3. Occupier- Occupied (İşgalci – İşgal Altındaki)
Occupier (İşgalci): İsrail, uluslararası hukukta da 1967'den bu yana Batı Şeria, Gazze (çekilmiş olsa bile abluka yoluyla fiilen kontrol ediyor) ve Doğu Kudüs üzerinde "işgalci güç" olarak tanımlanır. Yani toprakları askeri kuvvetle kontrol eder. Occupied (İşgal Altındaki): Filistin toprakları ve orada yaşayan Filistinliler "occupied" durumundadır. Bu, yalnızca coğrafi işgal değil; aynı zamanda siyasal, ekonomik ve toplumsal bir işgal anlamına gelir. Örneğin, Batı Şeria'daki kontrol noktaları (checkpoints), İsrail ordusunun sürekli varlığı, uluslararası hukuka aykırı yerleşimlerin inşası, işgalin en görünür göstergeleridir.
Filistin Devleti'ni tanıma girişimleri, mazlum halkın yanındayız gibi bir mesaj verme kaygısı ile belki kendi iç siyasetlerini yumuşatma ve halklarına; 'bakın biz de bir şeyler yapıyoruz, o kadar da vahşi değiliz' deme çabasının bir sonucu olarak ya da Gazze'nin kefareti olarak ortaya atılmış bir senaryonun bir parçası olabilir. Neden kuşku duymalıyız Çünkü, Settler colonialism (yerleşimci sömürgecilik), klasik sömürgecilikten farklı olarak sadece ekonomik çıkar ya da siyasi hâkimiyet amacıyla değil, yerleşmek ve yeni bir toplum inşa etmek amacıyla başka bir halkın topraklarının işgal edilmesi demektir.

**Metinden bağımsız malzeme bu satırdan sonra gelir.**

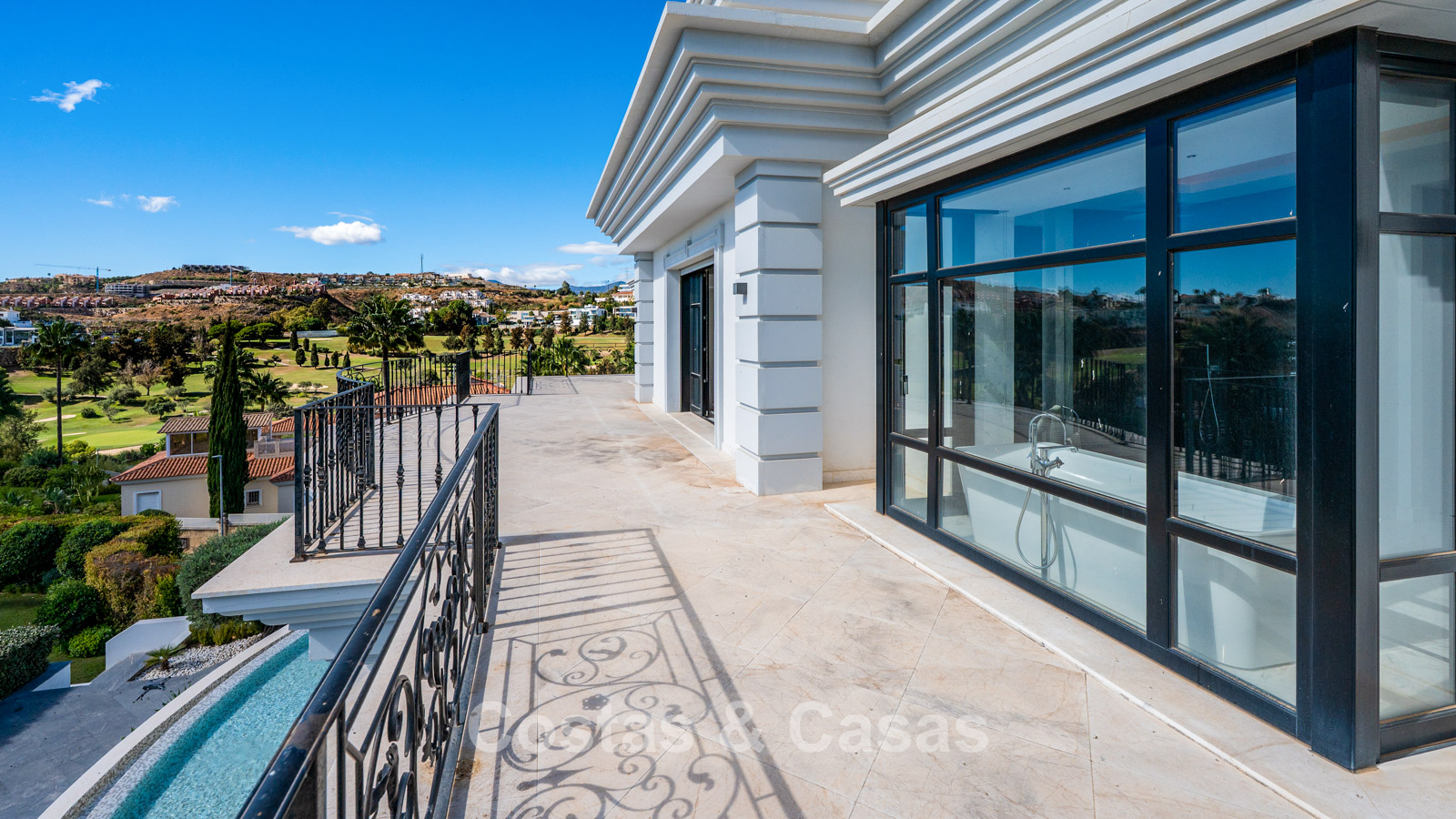 Situada en una prestigiosa zona residencial, a pocos pasos de un reconocido campo de golf, con varios de los mejores campos de golf a solo unos minutos en coche. Gran supermercado, colegio internacional y centro comercial en construcción a pocos minutos. A solo 5-15 minutos en coche de la playa, San Pedro, Puerto Banús, Marbella y Estepona, sin olvidar el hermoso pueblo gastronómico de Benahavís.

Klasik sömürgecilikte (ör. Britanya-Hindistan) sömürgeci güç kendi merkez ülkesinde kalır, sömürgeyi yönetir ve kaynaklarını sömürür. Yerleşimci sömürgecilikte (ör. ABD'deki İngiliz kolonileri, Avustralya, Güney Afrika) ise amaç yerli halkın yerine geçmek, onu marjinalleştirmek ya da ortadan kaldırarak kendi "kalıcı toplumunu" kurmaktır. Siyonist hareket 19. yüzyıl sonlarından itibaren Filistin topraklarını, orada yaşayan yerel Arap nüfusu "görmezden gelerek" yahut ikincil sayarak bir Yahudi yurdu olarak tahayyül etti.
1948'de İsrail Devleti kurulduğunda, yaklaşık 750 bin Filistinli zorla göçe zorlandı (Nakba/ "Büyük Felaket"). Bu süreç, yerleşimci sömürgeciliğin tipik bir örneğidir: yerli halkın mülksüzleştirilmesi ve yerine göçmen nüfusun yerleştirilmesi. Günümüzde Batı Şeria'daki İsrail yerleşimleri, uluslararası hukuka aykırı olmasına rağmen genişlemeye devam ediyor. Bu, sadece askeri bir işgal değil, demografik ve mekânsal bir dönüşüm projesidir. Amaç, Filistin topraklarını Yahudi yerleşimcilerle doldurup Filistinlilerin coğrafi ve siyasi varlığını parçalamaktır. Yerleşimci sömürgecilik literatüründe, "yerli nüfusu görünmez kılmak, topraksızlaştırmak ve parçalamak" temel stratejilerden sayılır. İsrail'in Filistin'deki politikaları bu üç eksene de oturur.